Más allá de constituir un estímulo para el paladar, los sabores de los alimentos tienen propiedades dietéticas y terapéuticas que conviene conocer con vistas a alimentarnos adecuadamente.

Por poner un ejemplo significativo, los sabores expresan la naturaleza dinámica de la energía. Los sabores picante y dulce la canalizan hacia arriba y hacia afuera del cuerpo. En cambio, los sabores salado, ácido y amargo la conducen hacia abajo y hacia el interior del cuerpo.

Asimismo, cada uno de los sabores está en estrecha relación con una zona determinada del organismo. Así, el sabor ácido actúa sobre el hígado y la vesícula biliar; el amargo, sobre el corazón y el intestino delgado; el dulce, sobre el bazo-páncreas y el estómago; el picante, sobre los pulmones y el intestino grueso, y el salado, sobre los riñones y la vejiga.
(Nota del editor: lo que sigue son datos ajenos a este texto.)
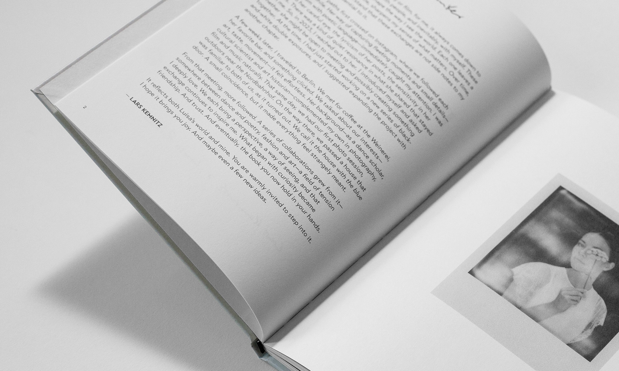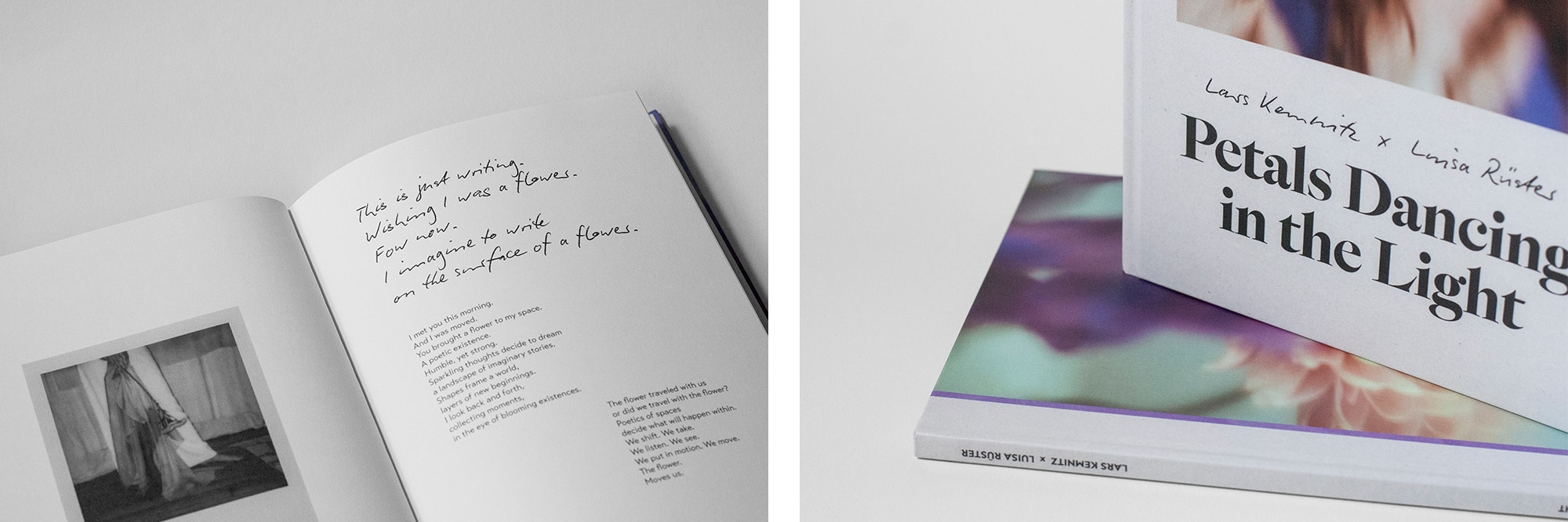 It reflects both Luisa’s world and mine, combining poetry in image and text with experimental photographic techniques. It is an ode to the beauty of flowers, to intuitive movement, to the sensual quality of fabrics, and to Berlin as a perpetually inspiring place that subtly wove itself into the images. The book is a labor of passion, a timeless publication of high aesthetic value that we both cherish.

En la dieta de una persona saludable, los cinco sabores deben guardar cierto equilibrio, pero el dulce siempre debe predominar. Este sabor, presente en la mayoría de los carbohidratos -granos, verduras, legumbres, frutos secos, semillas y frutas-, debe acompañarse a diario de pequeñas cantidades de sabor amargo, salado, picante y ácido.
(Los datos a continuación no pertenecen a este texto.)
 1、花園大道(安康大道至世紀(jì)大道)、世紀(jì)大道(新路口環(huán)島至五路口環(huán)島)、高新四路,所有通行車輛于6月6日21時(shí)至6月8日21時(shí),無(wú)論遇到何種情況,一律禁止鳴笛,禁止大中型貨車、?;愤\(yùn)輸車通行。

Si nuestra salud es débil o estamos enfermos, lo conveniente en la mayoría de las ocasiones es aumentar el consumo de dos o tres sabores -los correspondientes a los órganos que más nos interesa tonificar- y reducir el de los sabores contraindicados en nuestro caso. Por ejemplo, para estimular la función del hígado tomaremos alimentos de sabor ácido o ligeramente salobre, evitaremos los picantes y no consumiremos demasiado sabor dulce.

Vamos a ir detallando en distintos posts las características y propiedades de cada sabor. Como veremos, no siempre coincide nuestra percepción sobre el sabor de un alimento con el sabor que se le adjudica desde el punto de vista energético. El vinagre, por ejemplo, se considera amargo -además de ácido- por su capacidad de enviar la energía hacia abajo y porque descongestiona.